:: Work to be completed ::
Nothing but an exact repeat of the data, with pictures removed, belongs in the answer.

━━━ Records to process ━━━

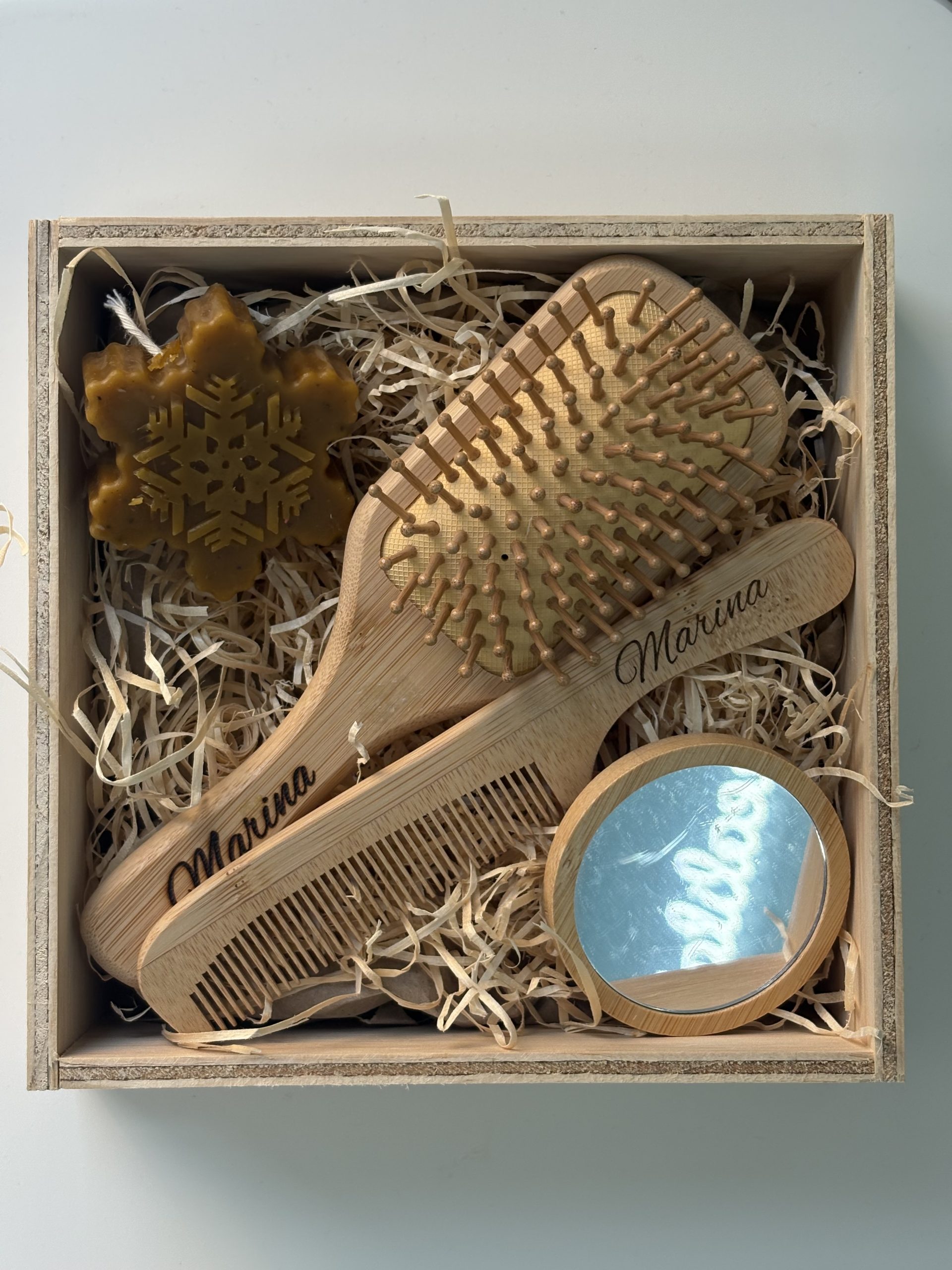 Para los más presumidos un detalle que va a enamorar a primera vista, una cajita de madera personalizada con productos personalizados para el cuidado y mimo propio.La cajita de madera de 20x20cm cuenta con tapa personalizada, en su interior; un espejo, cepillo y peine de madera personalizados, y una vela artesanal de miel con un toque navideño.Realizamos envíos a toda la península (Almería, Cádiz, Córdoba, Granada, Huelva, Jaén Málaga, Sevilla, Huesca, Teruel, Zaragoza, Asturias, Cantabria, Albacete, Ciudad Real, Cuenca, Guadalajara, Toledo, León, Ávila, Burgos, León Palencia, Salamanca, Segovia, Soria, Valladolid, Zamora, Barcelona, Girona, Lleida, Tarragona, Badajoz, Cáceres, Galicia, A Coruña, Lugo Ourense, Pontevedra, Madrid, Madrid, Murcia, Navarra/Nafarroa, La Rioja, Alicante, Castellón, Valencia, Álava, Guipúzcoa, Vizcaya).
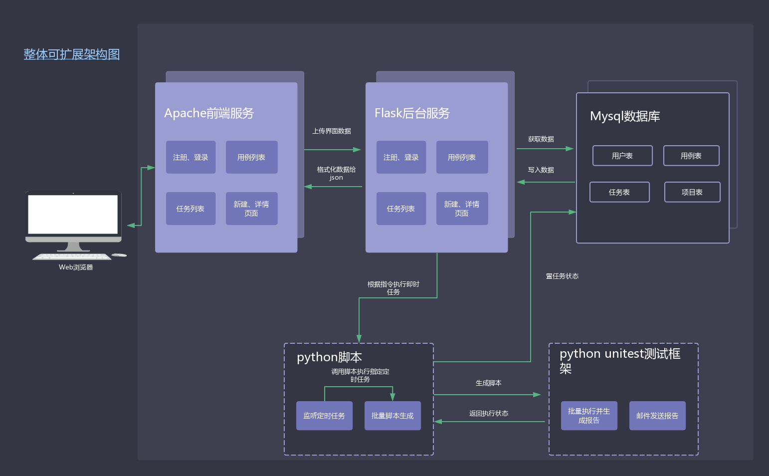 前端reactjs语言实现,后台由flask提供restful接口,基于python unittest测试框架,一键生成测试脚本,可视化的维护测试数据。
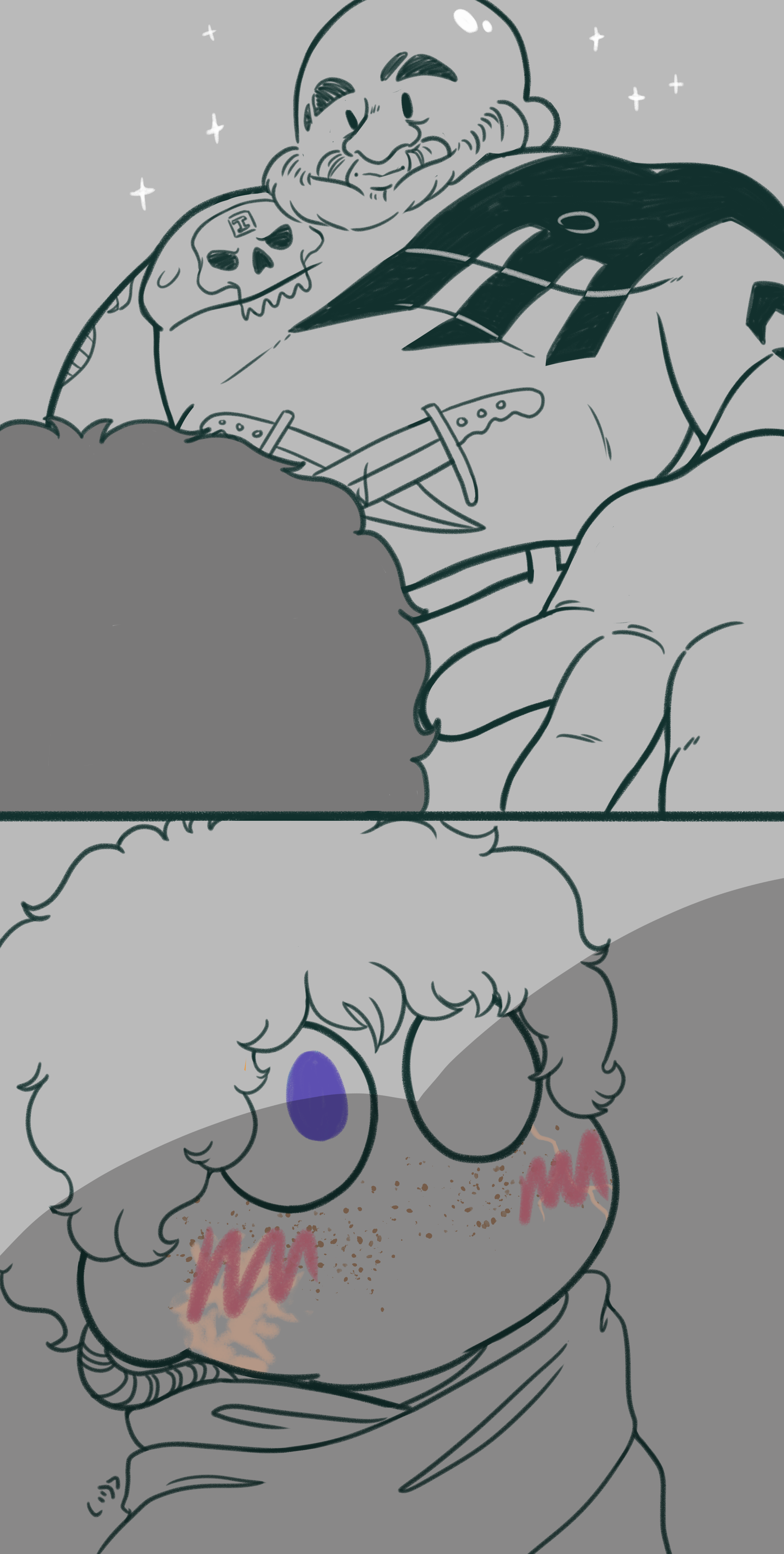 While their expression often lingers on a look of tiredness or worldweariness and changes only subtly around most even in moments of anger or fear, they are much more relaxed and expressive around those they trust and whose company they enjoy. Regardless of who's around them they are also noted to be quick to laugh at even the worst jokes and puns you've ever heard in your life; if they are fond enough of you they will subject you to their own awful, stupid jokes as well, laughing uncontrollably the entire time. For their carefully crafted outward appearance of being calm and collected, even very gentle teasing for things like their genuine and heartfelt appreciation for another person causes them to become intensely flustered and painfully shy.
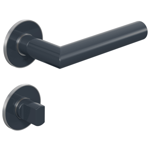 Frei-Besetzt-Garnitur mit flachen Rosetten nach DIN 18255 und DIN EN 1906 und Inlay aus farbigem Polyamid, bestehend aus: Türdrücker Modell 162.21PC in Gehrungsform aus Polyamid hochglänzend, mit durchgehendem Stahlkern bis in das Drückerende, durchgängig eingefärbt, Durchmesser 21,3 mm, mit Ansatzführung und Gewindestift M5 als zusätzliche Fixierung der Türdrücker mit dem Vierkantstift zur optimalen Kraftübertragung in das Türblatt. Flache Drücker- und WC-Rosetten, 306.23XI..., rund, Durchmesser 52 mm, 4,0 mm hoch. Verdeckte, lockerungssichere Verbindung: Drücker und Rosetten sind festdrehbar vormontiert, sowie in das Türblatt eintauchende Stützzapfen. Einfache und schnelle Montage durch Einrasten vormontierter Baugruppen. WC-Ausführung mit Notöffnung mittels Münze und wahlweise mit bzw. ohne Schauscheibe (Anzeige rot/grün) auf der Außenseite. Material der Rosetten Edelstahl (1.4301) matt oder poliert, Rosetteneinleger aus Polyamid hochglänzend Ausgelegt und geprüft für den Objektbereich, Gebrauchskategorie nach DIN EN 1906 - Klasse 4 Dauerhaftigkeit: Klasse 7 Türmasse: keine Klassifizierung festgelegt Feuerbeständigkeit: Klasse 0 Sicherheit: Klasse 0 Korrosionsbeständigkeit Klasse: 4 Einbruchschutz: Klasse 0 Ausführungsart: U Artikel: HEWI 162PCIX02230 0254 0001 Notöffnungart: FBM Frei-Besetzt mit 0257 0010 Riegelvierkant: 8 mm 0260 0002 Werkstoff Riegelvierkant: Stahl 0261 0003 Vierkant: 8 mm 0285 0009 Türstärke TS1: 43,1 - 48,0 mm 1984 0012 Farbe Inlay bicolor: 92 anthrazitgrau 1990 0001 Oberfläche Edelstahl Bicolor: Edelstahl matt FB 92 Farbe: anthrazitgrau
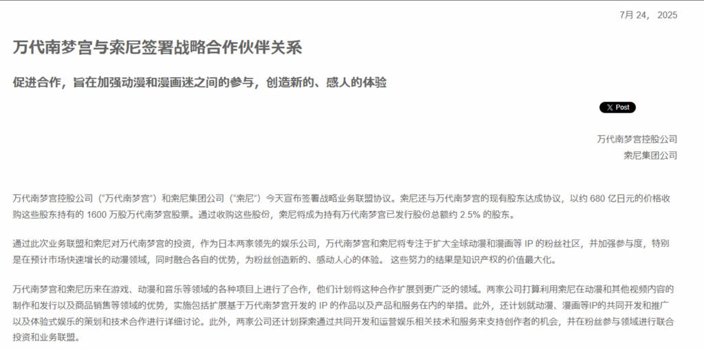 竞核7月24日消息,索尼与万代南宫梦于今日宣布,双方已签署战略业务合作协议。索尼将以680亿日元收购万代南梦宫1600万股,收购完成后,索尼将持有万代南梦宫已发行股份总数约2.5%的股份。索尼表示:“通过此次合作,我们力求与万代南梦宫集团携手,共同打造一系列超越期待的内容和体验,将‘感动’传递给更多粉丝。”

━━━

:: Task result ::
 Para los más presumidos un detalle que va a enamorar a primera vista, una cajita de madera personalizada con productos personalizados para el cuidado y mimo propio.La cajita de madera de 20x20cm cuenta con tapa personalizada, en su interior; un espejo, cepillo y peine de madera personalizados, y una vela artesanal de miel con un toque navideño.Realizamos envíos a toda la península (Almería, Cádiz, Córdoba, Granada, Huelva, Jaén Málaga, Sevilla, Huesca, Teruel, Zaragoza, Asturias, Cantabria, Albacete, Ciudad Real, Cuenca, Guadalajara, Toledo, León, Ávila, Burgos, León Palencia, Salamanca, Segovia, Soria, Valladolid, Zamora, Barcelona, Girona, Lleida, Tarragona, Badajoz, Cáceres, Galicia, A Coruña, Lugo Ourense, Pontevedra, Madrid, Madrid, Murcia, Navarra/Nafarroa, La Rioja, Alicante, Castellón, Valencia, Álava, Guipúzcoa, Vizcaya).
 前端reactjs语言实现,后台由flask提供restful接口,基于python unittest测试框架,一键生成测试脚本,可视化的维护测试数据。
 While their expression often lingers on a look of tiredness or worldweariness and changes only subtly around most even in moments of anger or fear, they are much more relaxed and expressive around those they trust and whose company they enjoy. Regardless of who's around them they are also noted to be quick to laugh at even the worst jokes and puns you've ever heard in your life; if they are fond enough of you they will subject you to their own awful, stupid jokes as well, laughing uncontrollably the entire time. For their carefully crafted outward appearance of being calm and collected, even very gentle teasing for things like their genuine and heartfelt appreciation for another person causes them to become intensely flustered and painfully shy.
 Frei-Besetzt-Garnitur mit flachen Rosetten nach DIN 18255 und DIN EN 1906 und Inlay aus farbigem Polyamid, bestehend aus: Türdrücker Modell 162.21PC in Gehrungsform aus Polyamid hochglänzend, mit durchgehendem Stahlkern bis in das Drückerende, durchgängig eingefärbt, Durchmesser 21,3 mm, mit Ansatzführung und Gewindestift M5 als zusätzliche Fixierung der Türdrücker mit dem Vierkantstift zur optimalen Kraftübertragung in das Türblatt. Flache Drücker- und WC-Rosetten, 306.23XI..., rund, Durchmesser 52 mm, 4,0 mm hoch. Verdeckte, lockerungssichere Verbindung: Drücker und Rosetten sind festdrehbar vormontiert, sowie in das Türblatt eintauchende Stützzapfen. Einfache und schnelle Montage durch Einrasten vormontierter Baugruppen. WC-Ausführung mit Notöffnung mittels Münze und wahlweise mit bzw. ohne Schauscheibe (Anzeige rot/grün) auf der Außenseite. Material der Rosetten Edelstahl (1.4301) matt oder poliert, Rosetteneinleger aus Polyamid hochglänzend Ausgelegt und geprüft für den Objektbereich, Gebrauchskategorie nach DIN EN 1906 - Klasse 4 Dauerhaftigkeit: Klasse 7 Türmasse: keine Klassifizierung festgelegt Feuerbeständigkeit: Klasse 0 Sicherheit: Klasse 0 Korrosionsbeständigkeit Klasse: 4 Einbruchschutz: Klasse 0 Ausführungsart: U Artikel: HEWI 162PCIX02230 0254 0001 Notöffnungart: FBM Frei-Besetzt mit 0257 0010 Riegelvierkant: 8 mm 0260 0002 Werkstoff Riegelvierkant: Stahl 0261 0003 Vierkant: 8 mm 0285 0009 Türstärke TS1: 43,1 - 48,0 mm 1984 0012 Farbe Inlay bicolor: 92 anthrazitgrau 1990 0001 Oberfläche Edelstahl Bicolor: Edelstahl matt FB 92 Farbe: anthrazitgrau
 竞核7月24日消息,索尼与万代南宫梦于今日宣布,双方已签署战略业务合作协议。索尼将以680亿日元收购万代南梦宫1600万股,收购完成后,索尼将持有万代南梦宫已发行股份总数约2.5%的股份。索尼表示:“通过此次合作,我们力求与万代南梦宫集团携手,共同打造一系列超越期待的内容和体验,将‘感动’传递给更多粉丝。”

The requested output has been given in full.